Extract the stretch of lines that starts at the line with "Площадь кухни14,3 м²" and ends at the last line of the data below. Give it exactly, without pictures.

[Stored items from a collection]
* * *

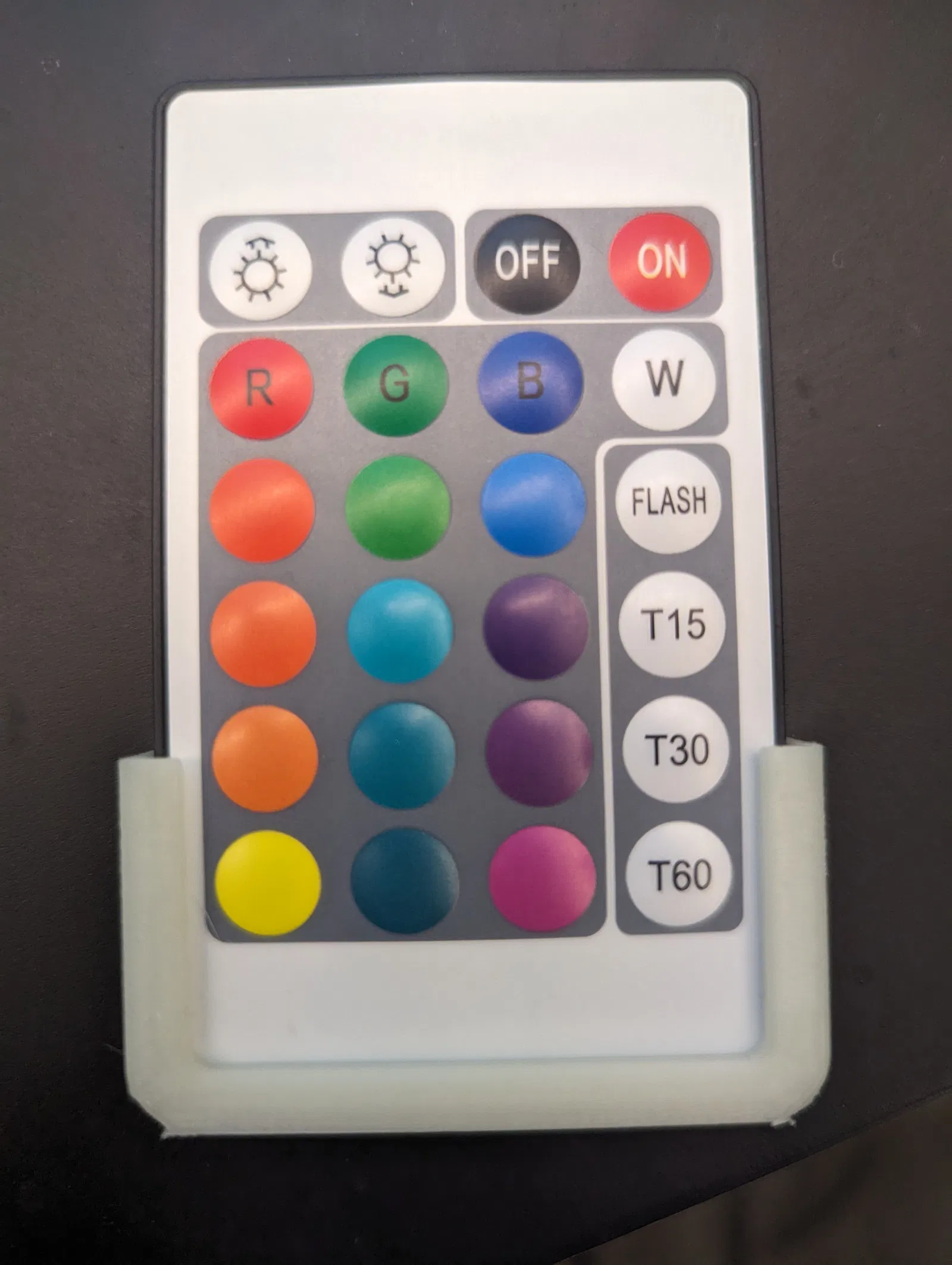Giá đỡ điều khiển LED có thêm rãnh để vừa với hầu hết các điều khiển LED nhỏ. Đề xuất mẫu đứng thẳng với vành và bộ phận hỗ trợ hữu cơ để có kết quả in tốt nhất.
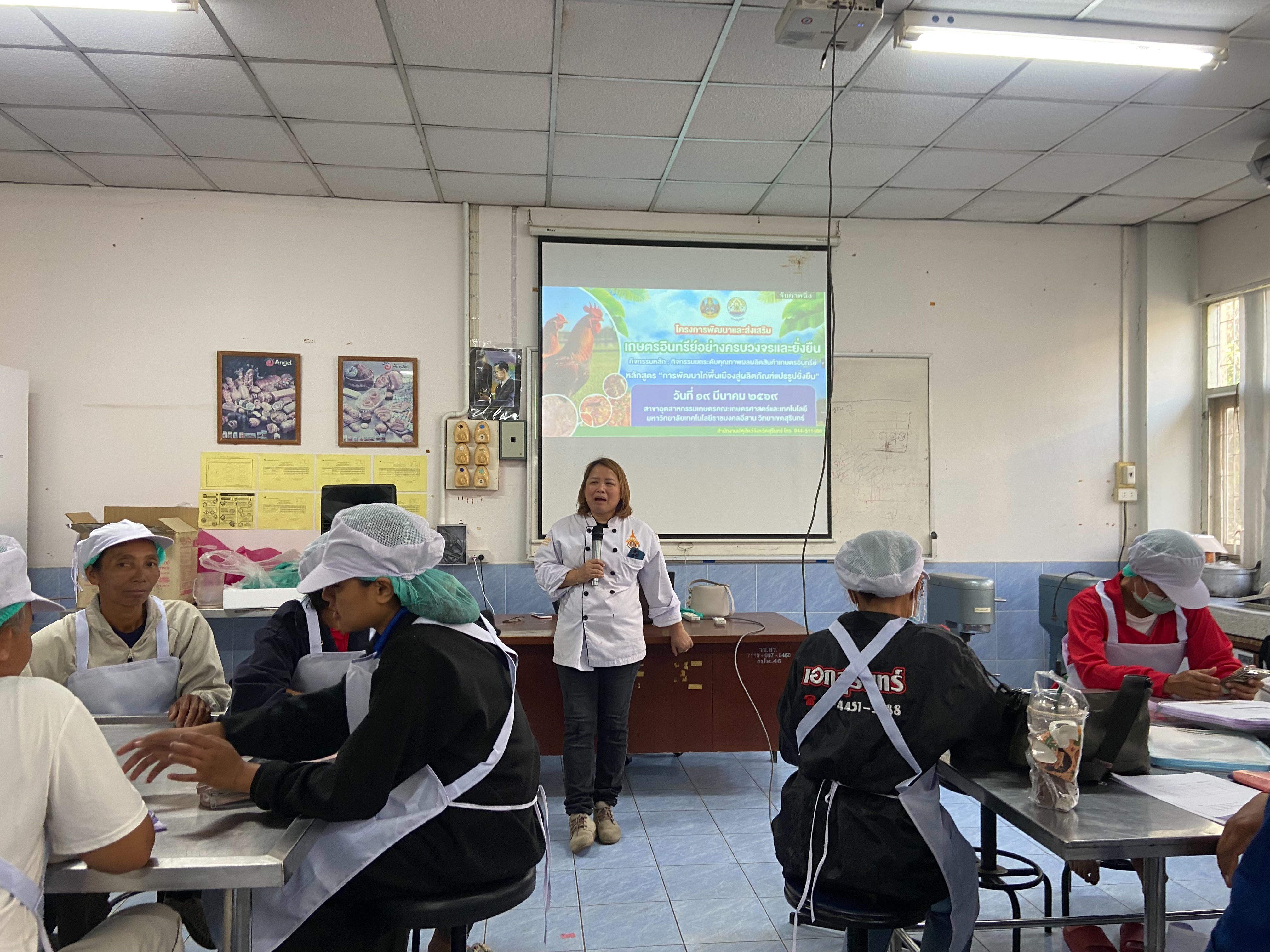 วันที่ 19 มี.ค 2569 น.สพ.อภิชัย นาคีสังข์ ปศุสัตว์จังหวัดสุรินทร์ มอบหมายให้ นายศรัณวัชร์ บุญเกิด หัวหน้ากลุ่มยุทธศาสตร์และสารสนเทศการปศุสัตว์ พร้อมด้วยเจ้าหน้าที่กลุ่มยุทธศาสตร์และสารสนเทศการปศุสัตว์ สำนักงานปศุสัตว์จังหวัดสุรินทร์ ร่วมจัดโครงการตามแผนปฏิบัติราชการประจำปีของจังหวัด ประจำปีงบประมาณ พ.ศ. 2569 โครงการพัฒนางานพื้นที่โครงการพัฒนาและส่งเสริมเกษตรอินทรีย์อย่างครบวงจรอย่างยั่งยืน กิจกรรมหลัก : กิจกรรมยกระดับคุณภาพผลผลิตสินค้าเกษตรอินทรีย์ กิจกรรมย่อย : ส่งเสริมการเลี้ยงไก่พื้นเมืองอินทรีย์ PGS Surin อย่างครบวงจร ภาคปฏิบัติ รุ่นที่ 4 เป้าหมายผู้เข้าร่วมอบรมจำนวน 60 ราย ได้แก่ เกษตรกรอำเภอศรีณรงค์และอำเภอลำดวน ณ ห้องปฏิบัติการ สาขาอุตสาหกรรมเกษตร คณะเกษตรศาสตร์และเทคโนโลยี มหาวิทยาลัยเทคโนโลยีราชมงคลอีสาน วิทยาเขตสุรินทร์ โดยโครงการดังกล่าวได้มีกิจกรรมให้ผู้เข้าร่วมได้ปฏิบัติการแปรรูปอาหารจากไก่พื้นเมืองทั้งสิ้น 2 เมนู ได้แก่ แหนมไก่และไก่อบสมุนไพร ในการนี้ ได้รับเกียรติจาก อาจารย์ ดร.นุจรี สอนสะอาด อาจารย์ประจำสาขาอุตสาหกรรมเกษตร คณะเกษตรศาสตร์และเทคโนโลยี มหาวิทยาลัยราชมงคลอีสาน วิทยาเขตสุรินทร์
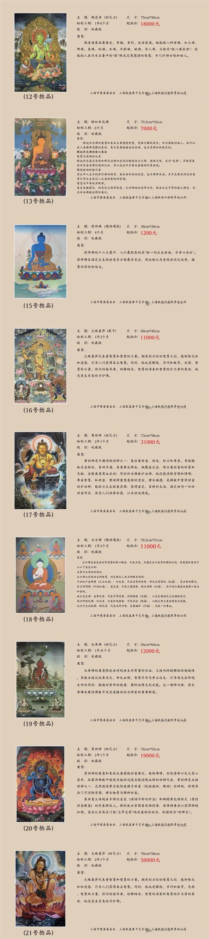 上海市慈善基金会与上海能盘唐卡艺术馆精心挑选了20幅唐卡,展现了文殊、药师、黄财神、绿度母等题材,寄托了美好的寓意,将艺术、藏传佛教及慈善元素融为一体,使画作不单单是一件物品,而是震撼人心的艺术品。
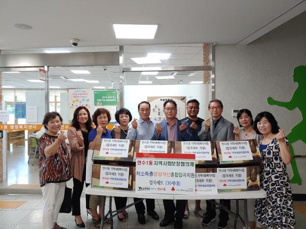 연수1동 지역사회보장협의체가 지난 6일 무더운 여름철 체력을 보강하고 건강을 유지할 수 있도록 기초생활수급자와 차상위계층 30세대에 혼합잡곡세트를 전달했다.
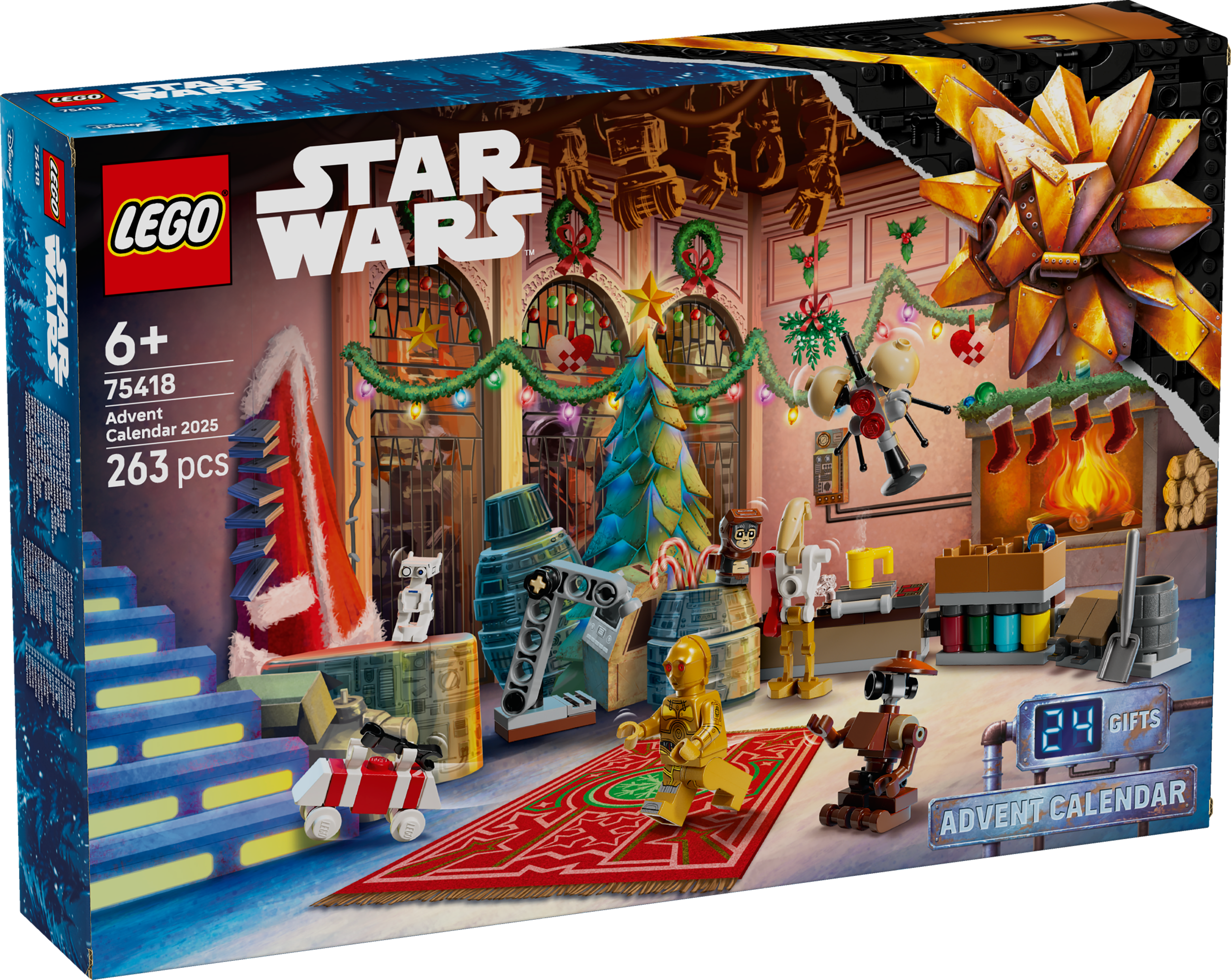 - Vuoden 2025 LEGO® Star Wars™ Joulukalenteri lahjaksi lapsille – Kalenterin luukuista paljastuu joka päivä uusi rakennelma, joten lapset voivat hypätä droidiseppä Babu Frikin saappaisiin ja loihtia ikioman droidipajan joulua odotellessa
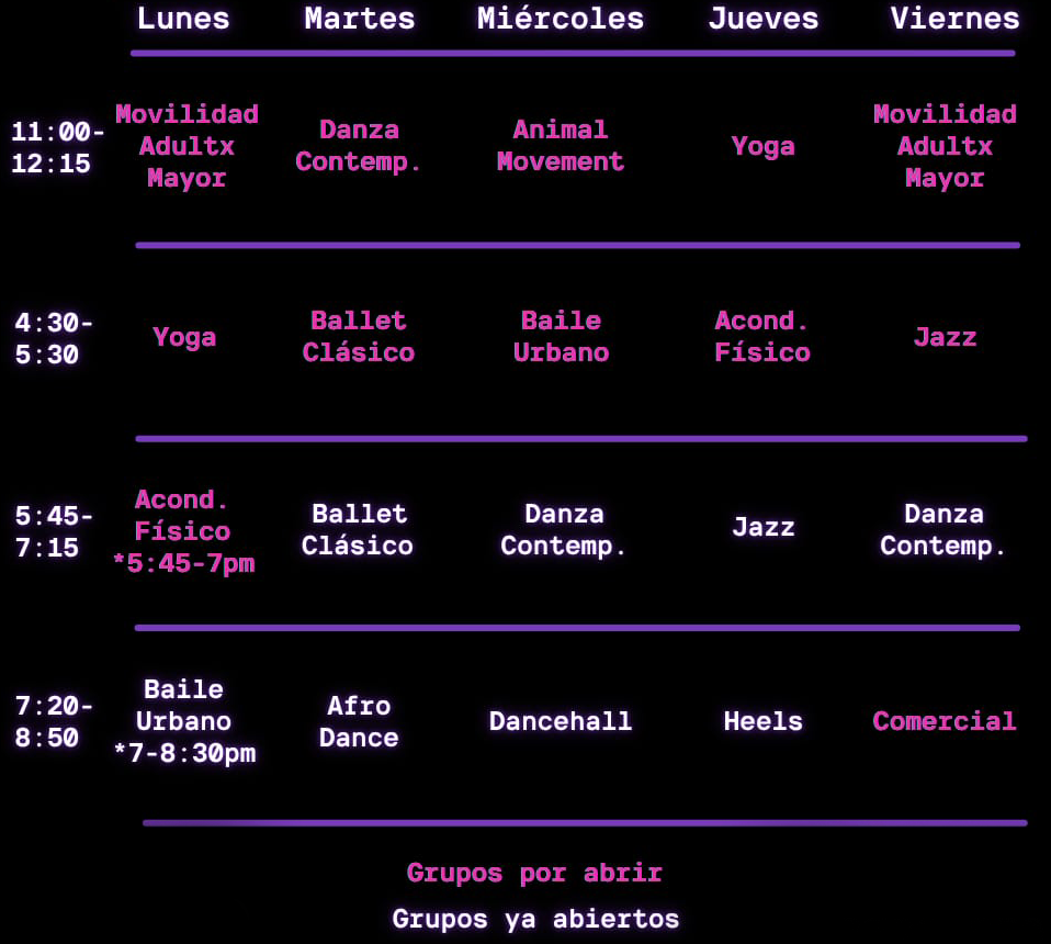 Reserva su espacio ya para no perder ninguna clase! Inscríbete hoy a la neswletter y vive tu pasión por la danza. ¡Te esperamos con los brazos (y pies) abiertos!
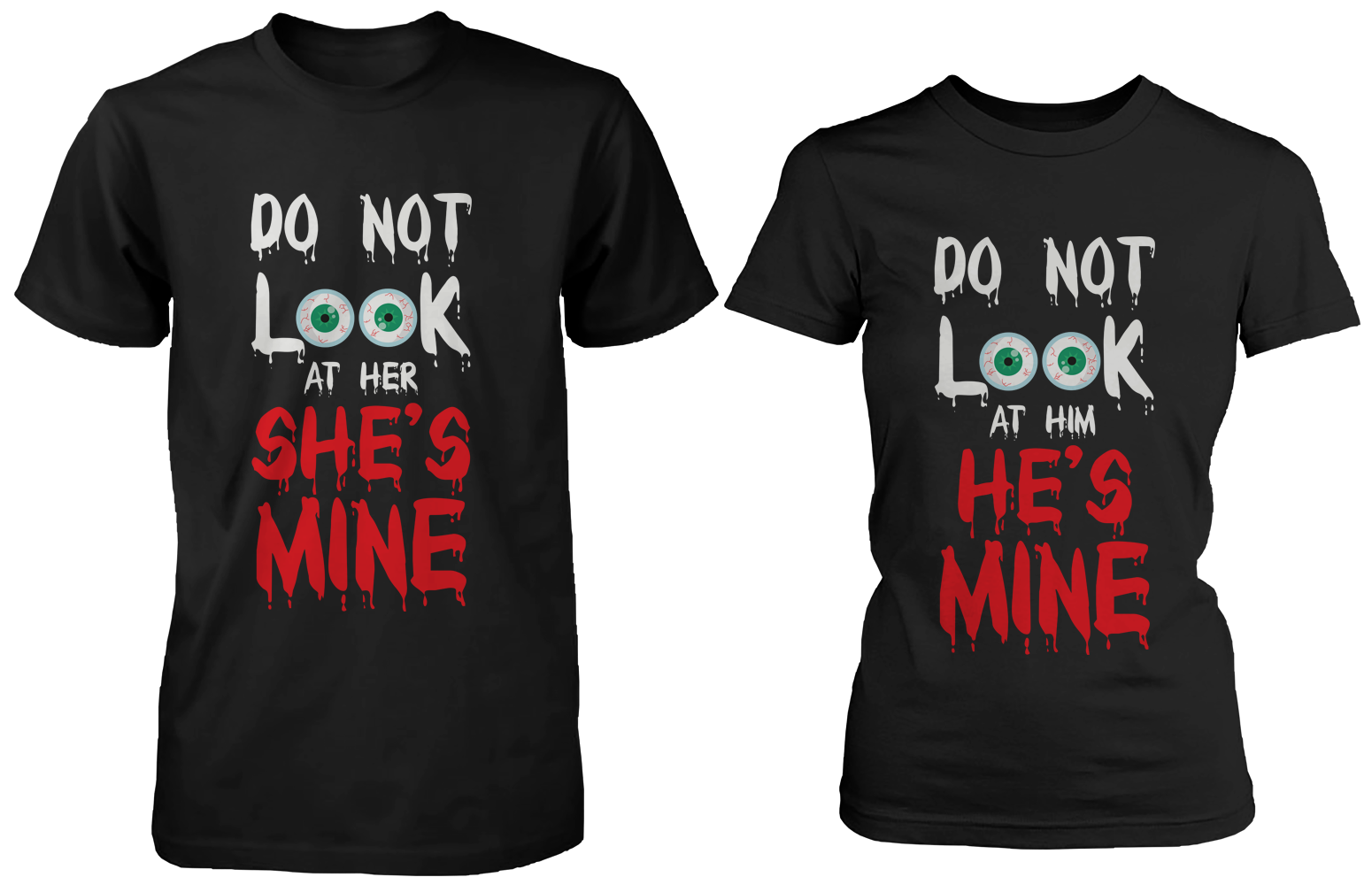 - This is our upgraded version of Do Not Look at Her/Him couple shirts from last year. It's cooler, it's more vibrant, and scarier than ever. These awesome shirts were designed to wear around during Halloween, but the more you look at them, the more you notice that these are pretty cool shirts to wear around all year long. Whether you're going to a Halloween party or a haunted house tour, make sure to wear these shirts to spend this Halloween with your BOOOO!
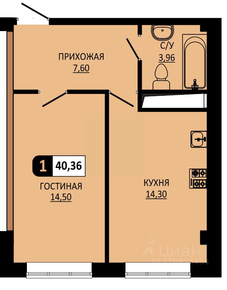 Площадь кухни14,3 м²
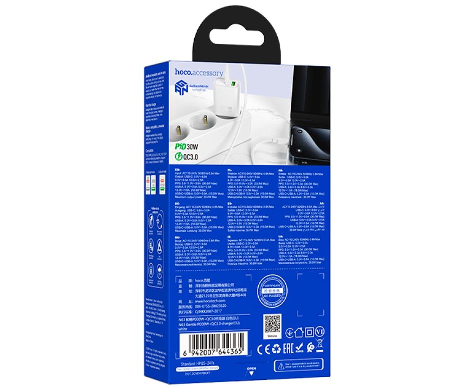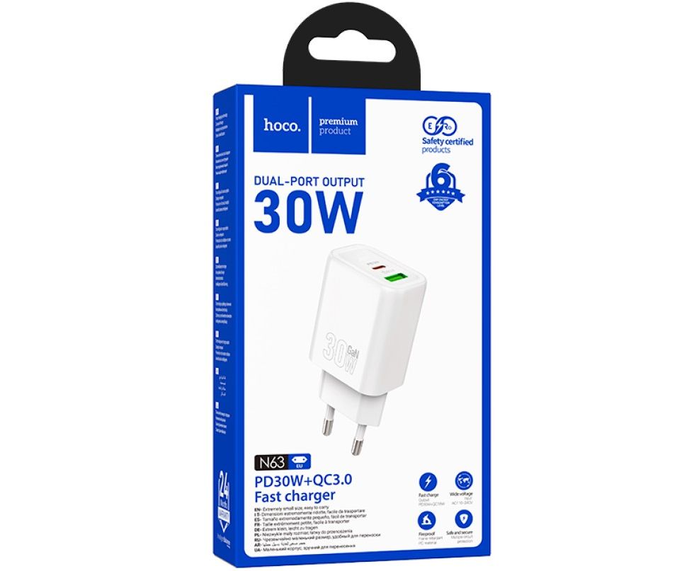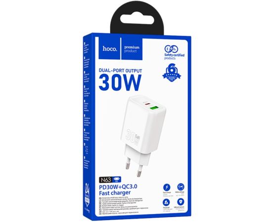 Сетевое зарядное устройство HOCO N63/ PD/ 1 USB/ 30W/ Белый

* * *

*EXPECTED OUTPUT*
 Площадь кухни14,3 м²
 Сетевое зарядное устройство HOCO N63/ PD/ 1 USB/ 30W/ Белый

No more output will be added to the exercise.